A compiler is a specific computer program that converts the statements written in any high level (such as C, C++, etc) into the language that computer can understand, i.e. machine level language. The original program, which needs to be converted, is known as the source code and the generated machine language program is known as object code. The reason to convert a high level language program into machine code is to make an executable program. The operations performed by a compiler are: lexical analysis, preprocessing, parsing, semantic analysis, code generation and code optimization. Compilers are classified as native or cross compilers. The output of native compiler runs on the computer and operating system where the compiler is running and the output of cross compiler can be run on different platforms. Cross platform compilers are used for embedded systems (Aho, Sethi & Ullman, 1986).

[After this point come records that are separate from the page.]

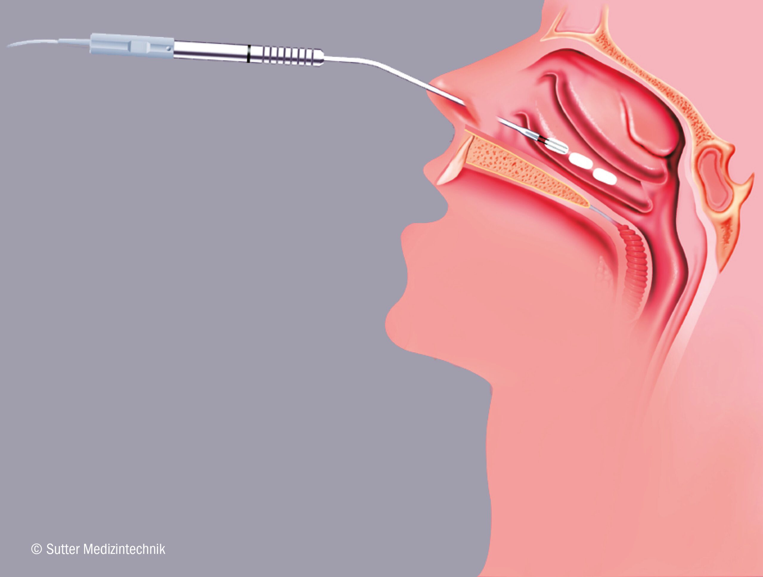 Nach örtlicher Betäubung mit Nasenspray wird bei der Radiofrequenztherapie das intermediäre Schwellgewebe moderat und sanft verkleinert beziehungsweise verödet.
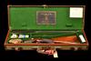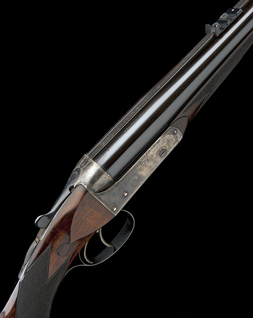26in. nitro reproved chopperlump barrels (converted from .350NE in 1979), matt sight rib engraved 'J. RIGBY & CO. 43 SACKVILLE STREET. LONDON. W. LATE ST. JAMES STREET' in gothic script, tubes engraved 'CAL. 9.3X74R REGULATED FOR 285G BULLET', open sights and two folding leaf sights with silver inlaid sighting lines and marked for 100, 300 and 400 yards, ramp-mounted bead fore-sight, elongated treble-grip action with removable striker discs, automatic safety with gold-inlaid 'SAFE' detail, border engraving, retaining some colour-hardening and finish, 14 3/4in. highly-figured pistolgrip stock with sling eyes, steel pistolgrip-cap and partially chequered steel buttplate, bolstered fore-end with grip-catch release, weight 9lb. 5oz., in its brass-cornered canvas and leather case with some accessories and sighting target
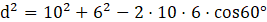 Wyznacz długość przekątnej trapezu równoramiennego, gdzie dłuższa podstawa ma długość 10 cm, ramię ma długość 6 cm, a kąt między ramieniem i dłuższą podstawą ma miarę
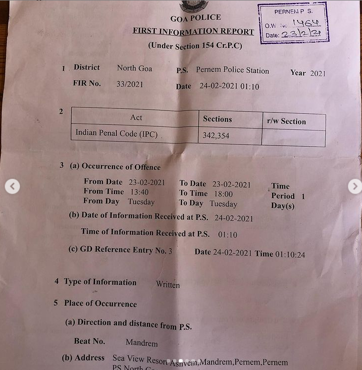 She wrote, “As the effects of the drugs finally were evaporating, I told her I wanted to leave, and she screamed ‘No baby, no baby. Let’s make love.’ Finally, she started yelling ‘the spirit allows me to let you go, you can leave.’ And I could leave the room, in shock.” Elodie drove to her friend’s house in Arambol who then took her to the Pernem police station, where a First Information Report (No.33/2021) was registered. Divya was booked under Indian Penal Code (IPC) Sections 342 (wrongful confinement) and 354 (sexual assault).
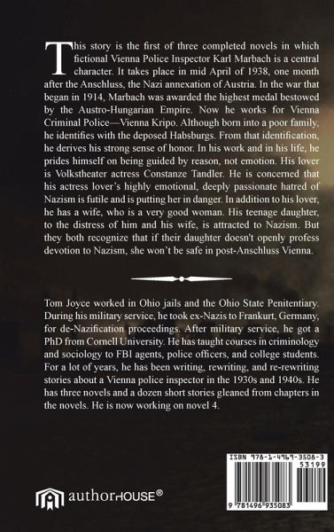 This story is the first of three completed novels in which fictional Vienna Police Inspector Karl Marbach is a central character. It takes place in mid April of 1938, one month after the Anschluss, the Nazi annexation of Austria. In the war that began in 1914, Marbach was awarded the highest medal bestowed by the Austro-Hungarian Empire. Now he works for Vienna Criminal Police—Vienna Kripo. Although born into a poor family, he identifies with the deposed Habsburgs. From that identification, he derives his strong sense of honor. In his work and in his life, he prides himself on being guided by reason, not emotion. His lover is Volkstheater actress Constanze Tandler. He is concerned that his actress lover’s highly emotional, deeply passionate hatred of Nazism is futile and is putting her in danger. In addition to his lover, he has a wife, who is a very good woman. His teenage daughter, to the distress of him and his wife, is attracted to Nazism. But they both recognize that if their daughter doesn't openly profess devotion to Nazism, she won’t be safe in post-Anschluss Vienna.
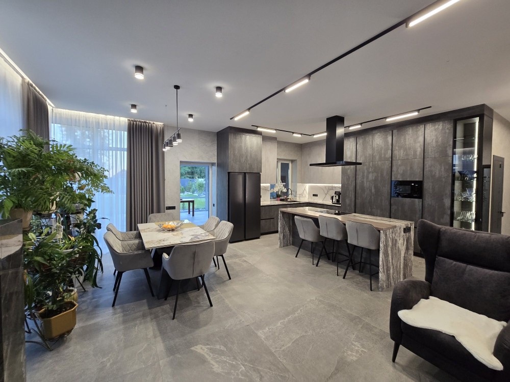 В ремонт входить кухня, сантехніка в санвузлах, вбудовані шафи , барбекю, камін , тепловий насос , плитка в санвузлах, в кімнатах чи покраска чи декоративна штукатурка, освітлення, штори, кондиціонери на 2му поверсі., на підлозі плитка на першому поверсі , в кімнатах ламінат чи дошка. Без м'яких меблів.
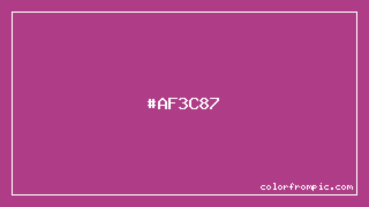 This color works well in various design contexts. With its medium lightness, it's versatile enough for both foreground elements and subtle backgrounds. The moderate to low saturation gives this color a sophisticated, muted quality that works well in professional and minimalist designs. When pairing #AF3C87 with other colors, consider its complementary color at hue 141° for maximum contrast, or use analogous colors within 30° of its hue for harmonious combinations. The decimal representation of this color is 11484295, which can be useful in certain programming contexts.
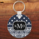 Trio Monogrammed Navy Damask Key Ring
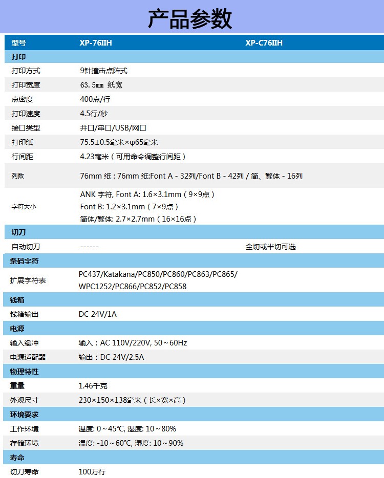 XP-76IIH76毫米针式收银打印机76mm针打发票两三联小票USB接口

The compiler group inputs characters into tokens because the original text can not be used by the data structure and it is very necessary to convert the source code into tokens. It makes the source code understandable for the computer. For example, an expression of ‘C’ language: sum=2+3; would be converted into tokens (such as ‘sum’ into IDENT, ‘=’ into ASSIGN_OP, ‘2’ into NUMBER, ‘+’ into ADD_OP, ‘3’ into NUMBER and ‘;’ into SEMICOLON). The compilation process analyses the syntax of programming language. Syntax analysis is further divided into tokenizing (grouping of input characters into tokens) and parsing (attempting to match the tokens to the syntax rules). In the process of compilation, lexical analyzer reads the source code and groups them into tokens (Ivantsov, 2008).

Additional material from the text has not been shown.